Elizabeth Montgomery raises a toast to an appalling lack of boundaries in Sins of the Mother.

If ever a film review deserved the headline “Bebitched,” it is Elizabeth Montgomery’s Sins of the Mother (1991). Adapted from Jack Olsen’s true crime novel Son: A Psychopath and His Victims, Sins does for motherhood what Montgomery’s The Legend of Lizzie Borden (1975) did for daughters.

Wooing her son one minute, tearing him to shreds the next, her Ruth Coe has the colorful vocabulary of Moira Rose; the histrionic tendencies of Rose and Lucille Bluth; and enough sinister Cluster B features to fuel an HBO limited series. On a cinematic scale of mother-son immorality, ranging from Psycho to Savage Grace to Ma Mère, Ruth’s relationship with son Kevin (Dale Midkiff of Back to You and Me) is mercifully mild. They are, in some ways, a more respectable version of con artists Lilly and Roy from The Grifters.

With their bantering and cooing while dancing together at social functions, Ruth and Kevin (who she calls “Coco”) are easily mistaken for lovers. When he drops Mom off at home after an office party and plans to continue his evening without her, she becomes short-tempered and possessive. We aren’t exactly surprised when, before he leaves, they share a lingering kiss on the lips.

Kevin, we also couldn’t help but notice, was conspicuously silent when his mother and docile stepfather, Gordon (Richard Roat), argued about a segment on the evening news. “I can’t bear it!” Ruth says, snapping off the TV in the middle of a report about an attempted rape. “It’s unconscionable that in today’s society the tragedy of rape continues to proliferate unchecked. Why must women suffer this terrible violation?” (She’ll sing a shockingly different tune later in the film.)
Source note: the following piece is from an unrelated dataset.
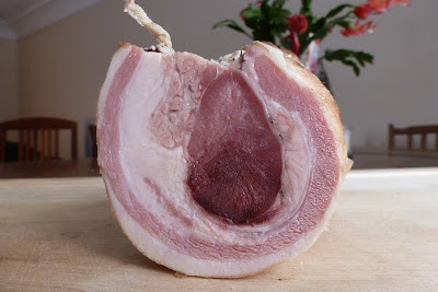 A while back I wrote a post on cold-cut Bath chaps: a boned-out pig’s head, cured, rolled around the tongue, tied, poached, and sliced. While I was extremely happy with the look of those Bath chaps, they were pretty bland. I figure that the cure leached into the poaching liquid.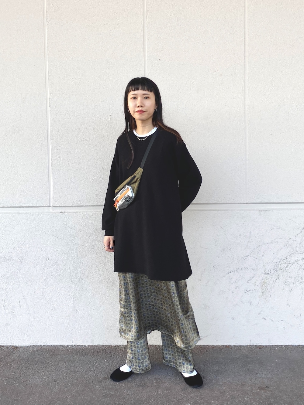 バックデザインがかわいいニットプルオーバー。小紋柄のセットアップにあえて被せて着てみました。やっと重ね着できる気温になってきたので、レイヤードスタイルで色んなバランスでも楽しめそうです。 ▷ミラノリブバックオープンチュニックニット サイズ感:腰回りまでしっかり隠れる着丈。袖にボリュームがあり、全体的にゆるめ。 着心地:着ていてとても暖かい。中に着込めるので、真冬にも余裕で着れます。 ▷サテンプリントキャミワンピース サイズ感:ストラップで長さ調節可能。159センチで詰めて着てこの丈感です。 着心地:落ち感のある素材で、レイヤードにもおすすめです! ▷プリントサテンフレアパンツ(Sサイズ着用) サイズ感:腰回りもジャストサイズですっきり。フラットシューズでもギリギリつかない丈感。 着心地:つるとした生地できれい見えします。

“The woman apparently got away, Ruth,” Gordon, a newspaperman, unhelpfully clarifies.

“Others haven’t been so lucky!” she replies. “Oh, I know you’d never publish a word about rape and sully the Christian image of Spokane. But some madman is on the loose out there and every woman in South Hill knows it.”
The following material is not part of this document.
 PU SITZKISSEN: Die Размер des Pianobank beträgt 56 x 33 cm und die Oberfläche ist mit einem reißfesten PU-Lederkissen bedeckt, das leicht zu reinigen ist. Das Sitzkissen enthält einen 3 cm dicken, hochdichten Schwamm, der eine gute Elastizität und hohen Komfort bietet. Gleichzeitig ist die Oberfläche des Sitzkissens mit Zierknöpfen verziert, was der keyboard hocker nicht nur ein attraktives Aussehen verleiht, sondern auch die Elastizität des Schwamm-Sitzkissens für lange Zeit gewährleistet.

The increasingly violent attacks in South Hill coincide with Ruth and Kevin’s dustups. Whether they’re arguing about his directionless career in real estate or his failed marriage, Ruth’s always primed to draw blood. (“An occasional whore would have been a far better choice!” she snaps about his ex.) She eagerly inserts herself into his conflicts with others, defending him publicly and savaging him in private.

“He’s an utter fool. A cipher,” she says dismissively of his former boss. “We needn’t concern ourselves with the Brodys of the world.” After lulling Kevin into a false sense of security, she pounces: “The problem, dear, is you have no character. It’s something I have finally faced, and we must do something about it now.” Her delusions of grandeur are shared by her son, a vain and lazy overgrown child who spends more time cultivating a slick image than actually working.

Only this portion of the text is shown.